| WHAT THE TASK ASKS |
Only the text should come through, so restate the listing exactly and drop its images.
* * * * * * * * *
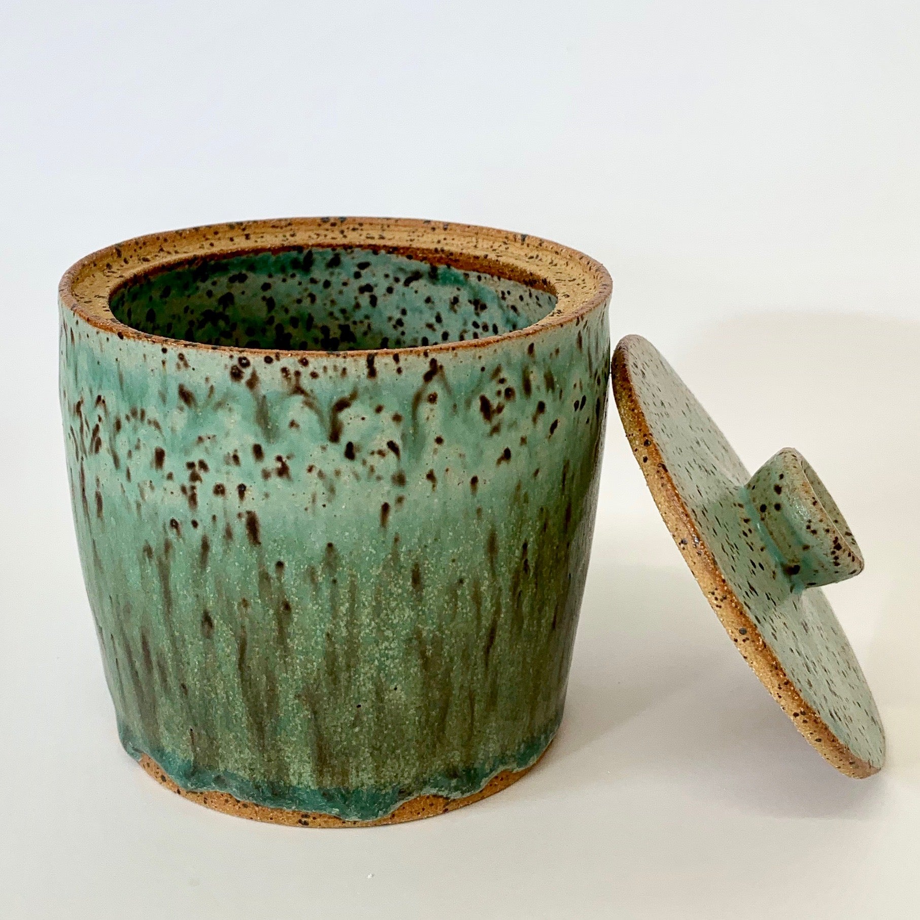 The container and lid are wheel thrown and slight imperfections are all part of the creating.
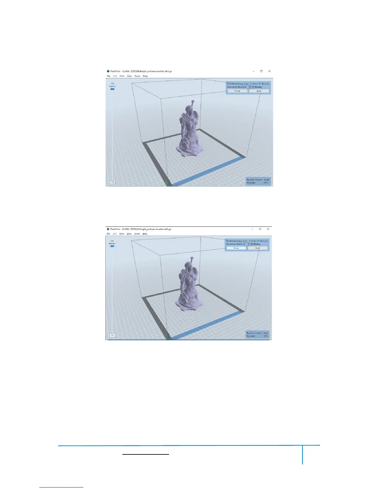 Click the [Print] button, the PC will transfer the Gcode file to the printer.
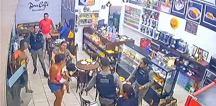 A câmera de segurança do estabelecimento flagrou o momento que a mãe da criança, em desespero, pediu ajuda dos policiais da Patrulha Maria da Penha, que estavam na conveniência. A filha estava desacordada e sem sinais aparentes de respiração. Assim, os policiais iniciaram manobras de reanimação ainda no local.
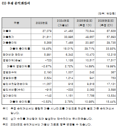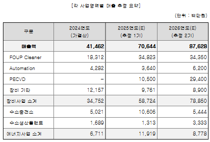 동사는 증권신고서에서 위와 같은 추정을 제시하면서, '24년 10월 최초 제출하고 철회한 증권신고서와 현재 신고서의 추정 손익에 차이가 나는 것은 PECVD 장비의 퀄테스트 검증 완료 시점이 연기되었다는 점을 언급한다. 즉, PECVD 검증이 아직 진행 중이라는 얘기인데, 동사는 '25년부터 PECVD 매출이 급성장하는 것으로 전망하였으며, 이 부분에서 높은 마진을 기대하고 있는 것 같다. 동사는 증권신고서에서 PECVD의 낙관적/중립적/보수적 실적 시나리오를 제시하였는데, 최종 손익 추정은 세 가지 가정 중 '중립'을 기준으로 제시하였으며, 중립 추정에서는 '25년에 PECVD 매출이 105억, '26년에 약 294억 발생함을 가정하였다.
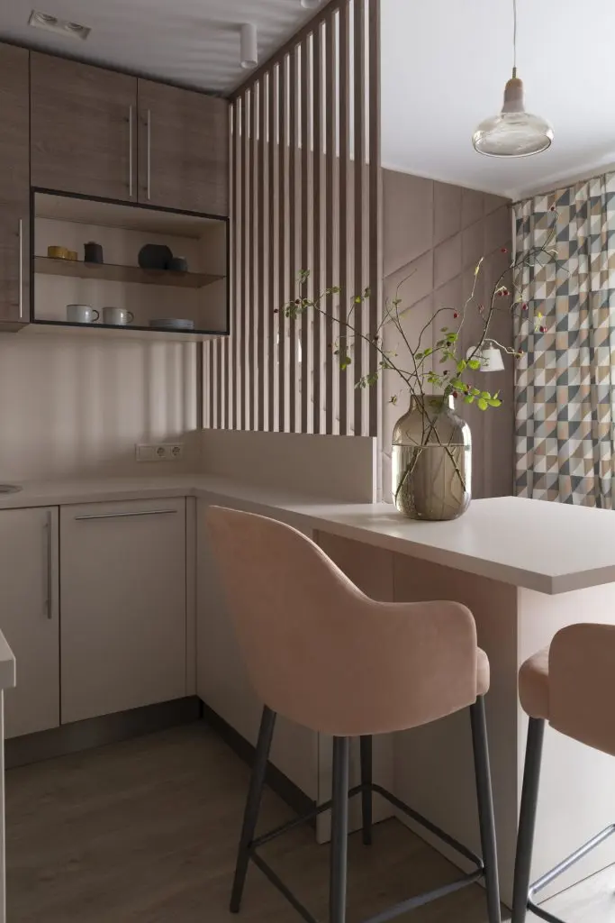 Detaliile de rezolvari estetice si functionale din aceasta amenajare sunt un exemplu graitor asupra multiplelor solutii de amenajare a unui spatiu mic. Un concept unitar si ritmul elementelor folosite constituie baza designului pentru spatii mici.
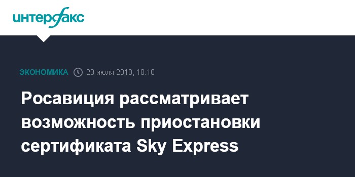 Москва. 23 июля. INTERFAX.RU - Федеральное агентство воздушного транспорта Минтранса России (Росавиция) рассматривает возможность приостановки действия сертификата эксплуатанта ЗАО "Скай экспресс" (Sky Express) из-за многочисленных задержек регулярных и чартерных рейсов, сообщила Росавиция.
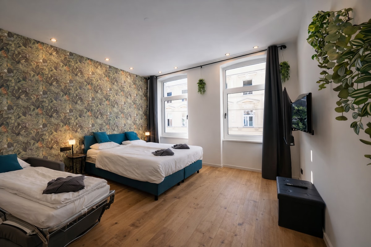 English: City life but make it comfy? Welcome to the Nest, where Vienna feels like a village while vibrant city life is only 10 minutes away! The spacious flat offers every amenity your heart desires- fast internet, a large comfy bed, AC, a cozy couch for long movie nights and a well equipped kitchen for cooking experiments - you basically don't need to leave the house in all pandemic fashion style.
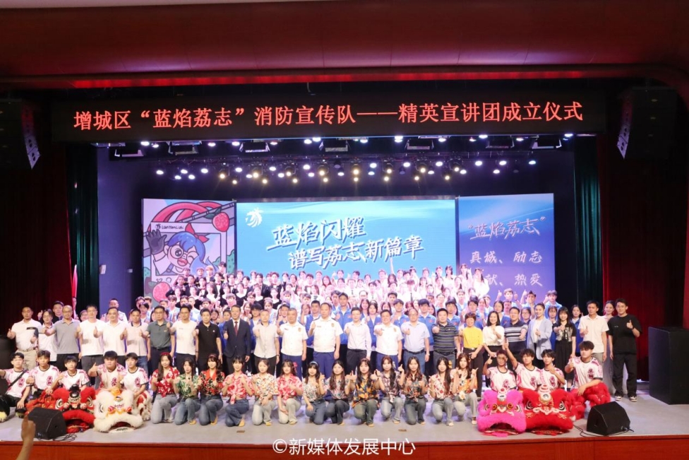 5月10日晚,由广州市增城区消防救援大队主办、广州市增城区青少年宫承办、广州华商学院、广州华立学院协办的“蓝焰荔志”精英宣讲团成立仪式活动在增城少年宫小挂绿演艺中心顺利开展。广州市消防救援支队副支队长李土恩、团增城区委副书记温振区、广州市增城区消防救援大队大队长刘飞、广州华商学院副校长吕峻闽、广州华立集团董事长助理陈积斌等领导嘉宾出席活动。为展现华商青年风采,传递青春正能量,我校团委、后勤保卫处带领校飞跃艺术团、校“蓝焰荔志”消防宣传队80余名学生参加本次活动。
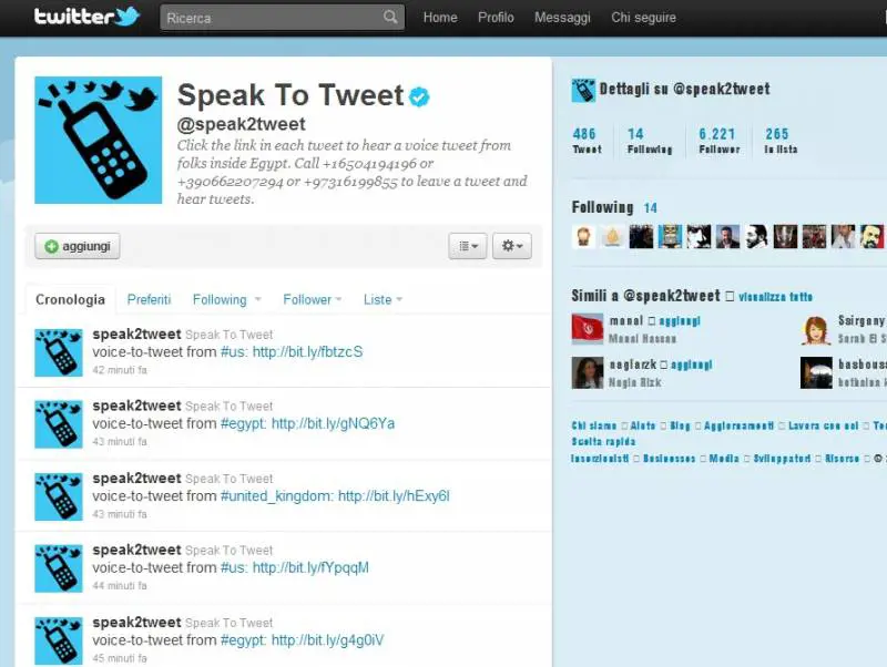 Non serve connessione "Non è necessario alcuna connessione a internet. La gente può ascoltare i messaggi componendo gli stessi numeri di telefono o andando (sul sito web) twitter.com/speak2tweet, ha aggiunto. "Speriamo che questo contribuisca ad aiutare la gente in Egitto a restare connessa in questo periodo molto difficile. Pensiamo a tutti laggiù".
* * * * * * * * *
| ANSWER TO THIS PROBLEM |
 The container and lid are wheel thrown and slight imperfections are all part of the creating.
 Click the [Print] button, the PC will transfer the Gcode file to the printer.
 A câmera de segurança do estabelecimento flagrou o momento que a mãe da criança, em desespero, pediu ajuda dos policiais da Patrulha Maria da Penha, que estavam na conveniência. A filha estava desacordada e sem sinais aparentes de respiração. Assim, os policiais iniciaram manobras de reanimação ainda no local.
 동사는 증권신고서에서 위와 같은 추정을 제시하면서, '24년 10월 최초 제출하고 철회한 증권신고서와 현재 신고서의 추정 손익에 차이가 나는 것은 PECVD 장비의 퀄테스트 검증 완료 시점이 연기되었다는 점을 언급한다. 즉, PECVD 검증이 아직 진행 중이라는 얘기인데, 동사는 '25년부터 PECVD 매출이 급성장하는 것으로 전망하였으며, 이 부분에서 높은 마진을 기대하고 있는 것 같다. 동사는 증권신고서에서 PECVD의 낙관적/중립적/보수적 실적 시나리오를 제시하였는데, 최종 손익 추정은 세 가지 가정 중 '중립'을 기준으로 제시하였으며, 중립 추정에서는 '25년에 PECVD 매출이 105억, '26년에 약 294억 발생함을 가정하였다.
 Detaliile de rezolvari estetice si functionale din aceasta amenajare sunt un exemplu graitor asupra multiplelor solutii de amenajare a unui spatiu mic. Un concept unitar si ritmul elementelor folosite constituie baza designului pentru spatii mici.
 Москва. 23 июля. INTERFAX.RU - Федеральное агентство воздушного транспорта Минтранса России (Росавиция) рассматривает возможность приостановки действия сертификата эксплуатанта ЗАО "Скай экспресс" (Sky Express) из-за многочисленных задержек регулярных и чартерных рейсов, сообщила Росавиция.
 English: City life but make it comfy? Welcome to the Nest, where Vienna feels like a village while vibrant city life is only 10 minutes away! The spacious flat offers every amenity your heart desires- fast internet, a large comfy bed, AC, a cozy couch for long movie nights and a well equipped kitchen for cooking experiments - you basically don't need to leave the house in all pandemic fashion style.
 5月10日晚,由广州市增城区消防救援大队主办、广州市增城区青少年宫承办、广州华商学院、广州华立学院协办的“蓝焰荔志”精英宣讲团成立仪式活动在增城少年宫小挂绿演艺中心顺利开展。广州市消防救援支队副支队长李土恩、团增城区委副书记温振区、广州市增城区消防救援大队大队长刘飞、广州华商学院副校长吕峻闽、广州华立集团董事长助理陈积斌等领导嘉宾出席活动。为展现华商青年风采,传递青春正能量,我校团委、后勤保卫处带领校飞跃艺术团、校“蓝焰荔志”消防宣传队80余名学生参加本次活动。
 Non serve connessione "Non è necessario alcuna connessione a internet. La gente può ascoltare i messaggi componendo gli stessi numeri di telefono o andando (sul sito web) twitter.com/speak2tweet, ha aggiunto. "Speriamo che questo contribuisca ad aiutare la gente in Egitto a restare connessa in questo periodo molto difficile. Pensiamo a tutti laggiù".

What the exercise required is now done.